11 September 2017 - - Redwood City, California-based immuno-oncology company Armo BioSciences, Inc. is reporting clinical trial results on its lead investigational immuno-oncology drug AM0010 (pegilodecakin, PEGylated Interleukin-10) at the European Society of Medical Oncology 2017 Congress being held in Madrid, Spain, the company said.
These presentations include additional clinical trial results from the ongoing Phase 1b studies of AM0010 in pancreatic cancer, non-small cell lung cancer (NSCLC), and renal cell carcinoma.
AM0010 (pegilodecakin) is a long-acting pegylated form of recombinant human Interleukin-10 (IL-10) that stimulates the survival, expansion and cytotoxic potential of a particular type of white blood cell in the immune system called CD8+ T cells.
CD8+ T cells recognize and kill cancer cells and an increased presence of intra-tumoral CD8+ T cells may result in improved prognosis and survival in patients.
In a large Phase 1/1b clinical trial, AM0010 was dosed in more than 350 advanced cancer patients and showed a good safety/tolerability profile and sustained anti-tumor effects in patients across different cancer types.

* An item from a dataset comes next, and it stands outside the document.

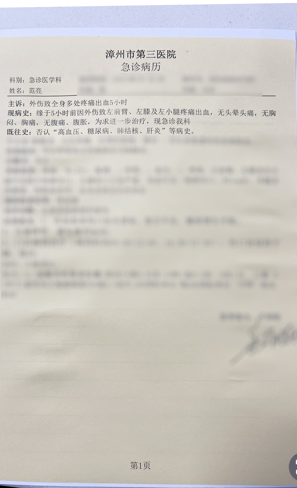 此时一名战友指着范亮的左腿呼到:“亮仔,你的腿受伤了!”范亮这才发现左膝下方不知什么时候被钢筋戳出一个小拇指粗的窟窿,伤口还在汩汩往外冒血,战友连忙劝范亮先去医院包扎治疗。

Due to its enhanced half-life, AM0010 has strong immune-stimulating effects that induce the activation, proliferation, and survival of intra-tumoral, tumor-reactive, cytotoxic CD8+ T cells in patients. CD8+ T cells mediate the cancer cytotoxic effect of this immuno-oncology agent.

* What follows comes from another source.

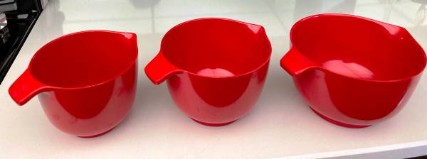 3 VINTAGE FIRE ENGINE RED COPCO MELAMINE NUMBER 672, 673, AND 674 MIXING BOWLS, 1 1/2 QUART, 2 QUART, and 3 QUART. Rubber base and bowls in perfect condition. Hardly used. Dishwasher safe. Original...

The US Food and Drug Administration and the European Commission have granted AM0010 Orphan Drug designation for the treatment of pancreatic cancer. The FDA also granted Fast Track designation for AM0010 in combination with Folfox as second-line therapy in patients with pancreatic cancer.
ARMO is conducting an international Phase 3 randomized clinical trial evaluating AM0010 in combination with Folfox (folinic acid, 5-fluorouracil and oxaliplatin) versus Folfox alone, as second-line therapy in patients with pancreatic ductal adenocarcinoma that has progressed during or following a first-line gemcitabine-containing regimen.
The study expects to enroll approximately 566 patients and will evaluate overall survival as the primary endpoint.
Progression-free survival, overall response rate and safety are the secondary endpoints. Exploratory endpoints will evaluate biomarkers that may correlate with tumor response, immune activation and relationships to clinical efficacy outcomes.
Armo BioSciences is developing a pipeline of novel, proprietary products that activate the immune system of cancer patients to recognize and eradicate tumors.
In addition, the company is developing an immuno-oncology pipeline that includes validated product candidates such as an anti-PD-1 monoclonal antibody, aimed at treating a variety of cancers in combination with standard of care treatments and emerging immunotherapies.